Our present study showed that lenvatinib plus anti-PD-1 antibodies allowed successful R0 resection in 28% (30/107) of patients with initially unresectable HCC, indicating this combination therapy is a feasible conversion strategy for converting HCC patients from unresectable to resectable.

Conversion resection aims to achieve downstaging of tumors and allow patients with advanced or initially unresectable cancers to obtain curative resectability. The role of conversion therapy in HCC patients has long been neglected due to lack of effective systemic therapies. Recently, systemic therapeutic agents especially the combination of TKIs with ICIs have shown promising anti-tumor efficacy, reviving the idea of conversion therapy in HCC. Several studies have explored the feasibility of different combination therapies as conversion therapy in HCC. A previous study from our liver cancer institute reported that 15.9% (10/63) of patients with initially unresectable HCC received conversion surgery after combination treatment with TKI and anti-PD-1 antibodies (17). The combination of TKIs, ICIs and local regional therapy has been reported to convert 9 (9/38, 23.7%) HCC patients with extrahepatic metastases from unresectable to resectable (27). A multi-center retrospective study showed that the ORR of triple combination therapy with lenvatinib, toripalimab plus hepatic arterial infusion chemotherapy (HAIC) was as high as 67.6%, and its conversion resection rate was higher than that of lenvatinib alone (12.7% vs 0) (28). In our study, lenvatinib plus PD-1 inhibitors led to an ORR of 50% (15/30) in HCC patients who underwent conversion surgery and the conversion resection rate was 28% (30/107). Notably, the treatment efficacy of the combination therapy could still be underestimated because surgical resection was considered for patients who achieved tumor regression whenever feasible. For example, patients with regressed SD could regress to PR if they continued the systemic therapy rather than surgery. No major postoperative adverse events occurred in these cases. Therefore, lenvatinib plus PD-1 inhibitors can result in downstaging and increase the likelihood of surgical resection in advanced HCC patients, with high potential to prolong their survival.
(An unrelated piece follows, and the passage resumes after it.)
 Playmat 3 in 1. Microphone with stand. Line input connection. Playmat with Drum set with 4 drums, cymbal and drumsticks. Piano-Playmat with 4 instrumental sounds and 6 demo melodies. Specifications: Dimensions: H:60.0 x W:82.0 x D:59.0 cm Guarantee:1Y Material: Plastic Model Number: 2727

Postoperative follow-up of the 30 patients revealed that the one-year overall survival rate was 95.7% and the one-year disease-free survival rate was 61.6%, highlighting the significance of surgical resection in improving survival outcomes. Remarkably, while all these patients displayed tumor shrinkage and underwent conversion surgery, patients achieving CR or PR before surgery had a significantly longer DFS compared with those with SD. The pCR rate was 33.3% (10/30) compared with 60% (6/10) reported before (17) and patients who achieved pCR also had better DFS than those did not. These results suggested that patients with tumor responses, whether evaluated by preoperative imaging or by pathological findings of resected specimens, are more likely to benefit from conversion resection to access a longer term of tumor-free survival.
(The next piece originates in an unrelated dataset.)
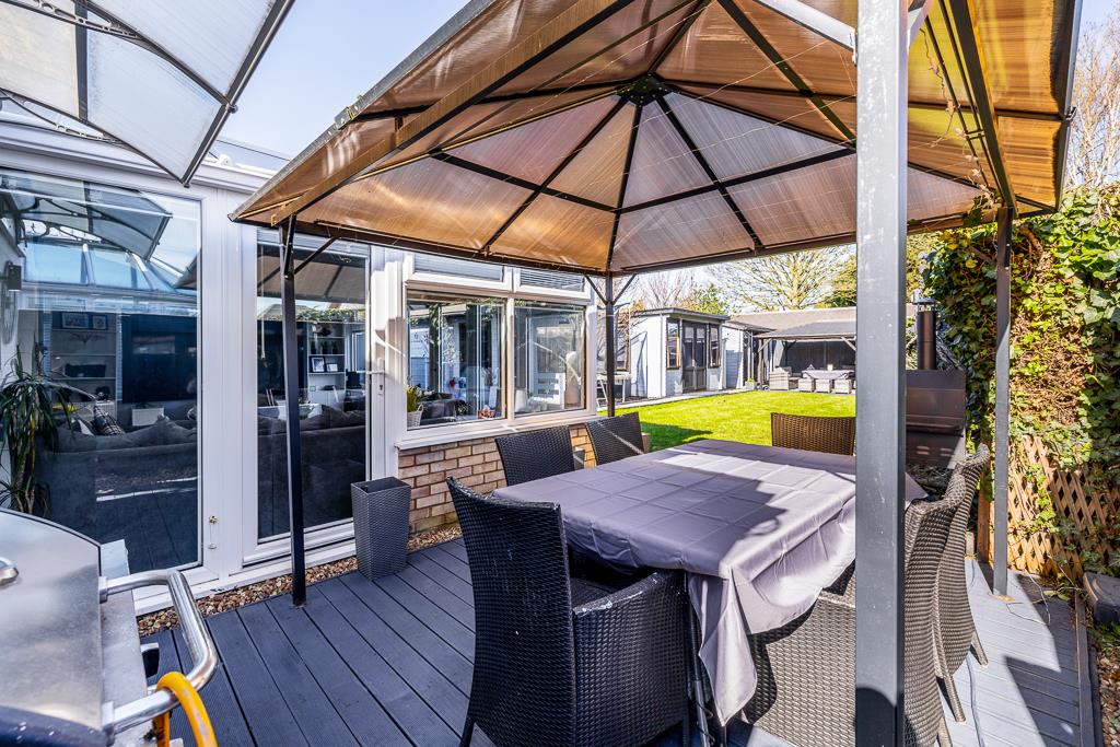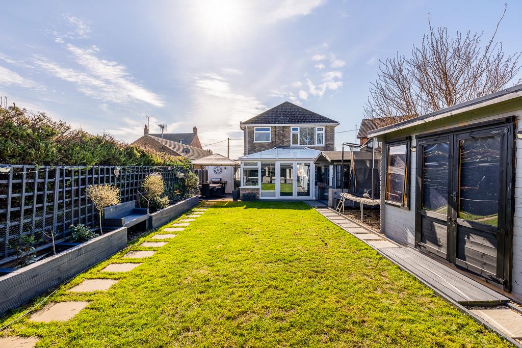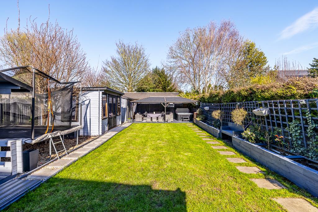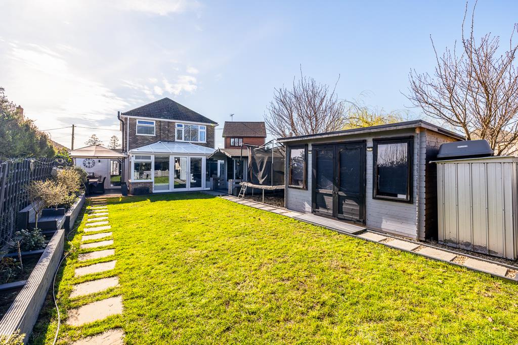 The rear garden is enclosed by timber fencing. Lawn area with raised borders. Timber decking. Landscaped seating and dining area with enclosed pergola with lighting and electric for hot tub (to be left by vendors).

Tumor recurrence often occurs because micro-metastasis persists even after curative resection. The presence of MVI has been determined to accurately predict the early recurrence and adverse clinical outcomes of HCC patients undergoing liver resection (29–32). In this study, pre-treatment MR scans showed that 20 (20/30, 66.7%) patients had macrovascular invasion, which was not recommended for resection by BCLC guideline. After surgery, MVI was detected in 8 (8/30, 26.7%) resected tumor samples, compared with the MVI incidence of 63% with tumor size larger than 6.5cm reported previously (33), suggesting that lenvatinib plus PD-1 inhibitors could effectively eradicate microvascular tumor thrombi and decrease the positive rate of MVI. Moreover, patients with MVI had significantly shorter tumor-free survival and OS than patients without MVI. This indicated that MVI retained its vital prognostic value in patients receiving conversion surgery. Surgical resection, followed by adjuvant intervention therapy and systemic therapy, could be utilized to reduce the burden of MVI and prolong the survival of this subgroup of patients with MVI, although further investigation is warranted in real world studies.
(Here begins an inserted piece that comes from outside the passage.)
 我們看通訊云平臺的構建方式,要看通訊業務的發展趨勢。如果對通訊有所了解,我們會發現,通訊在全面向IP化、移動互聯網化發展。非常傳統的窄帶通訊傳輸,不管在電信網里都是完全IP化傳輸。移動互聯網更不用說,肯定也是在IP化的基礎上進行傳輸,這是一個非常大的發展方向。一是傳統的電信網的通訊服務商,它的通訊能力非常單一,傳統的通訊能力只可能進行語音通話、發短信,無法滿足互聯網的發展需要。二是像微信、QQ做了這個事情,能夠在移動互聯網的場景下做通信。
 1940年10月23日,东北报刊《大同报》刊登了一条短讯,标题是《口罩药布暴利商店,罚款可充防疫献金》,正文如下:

Safety evaluations revealed that there were no severe (grade 4 or 5) treatment-related adverse events in these patients during the systemic treatment period. Most treatment-related AEs were mild and tolerable, indicating that the drug toxicity can be well addressed and controlled by dynamic monitoring and dose modification in the clinical practice (15).

Several limitations of this study should be noted. First, our study enrolled a relatively small number of HCC patients from a single center although it represented the largest reported cohort of HCC patients receiving conversion surgery so far. The occurrences of adverse events were mainly evaluated according to the blood tests and medical records, thus could be underestimated due to the retrospective nature of our study. Second, the patients in our study were heterogeneous regarding to the regimens of anti-PD-1 monoclonal antibody while no evidence has shown the different effects of these anti-PD-1 antibodies. Thus, this strategy needs prospective validation in a more consistent and large-scale multicenter study in the future.

In conclusion, lenvatinib plus PD-1 inhibitors exhibited promising anti-tumor activity with manageable toxicity. More importantly, this combination treatment strategy results in tumor downsizing and allows patients with unresectable HCC to access surgical resection, with high potential to prolong their long-term survival. Treatment response and MVI status could predict the survival outcomes, especially the tumor-free survival of patients receiving conversion surgery.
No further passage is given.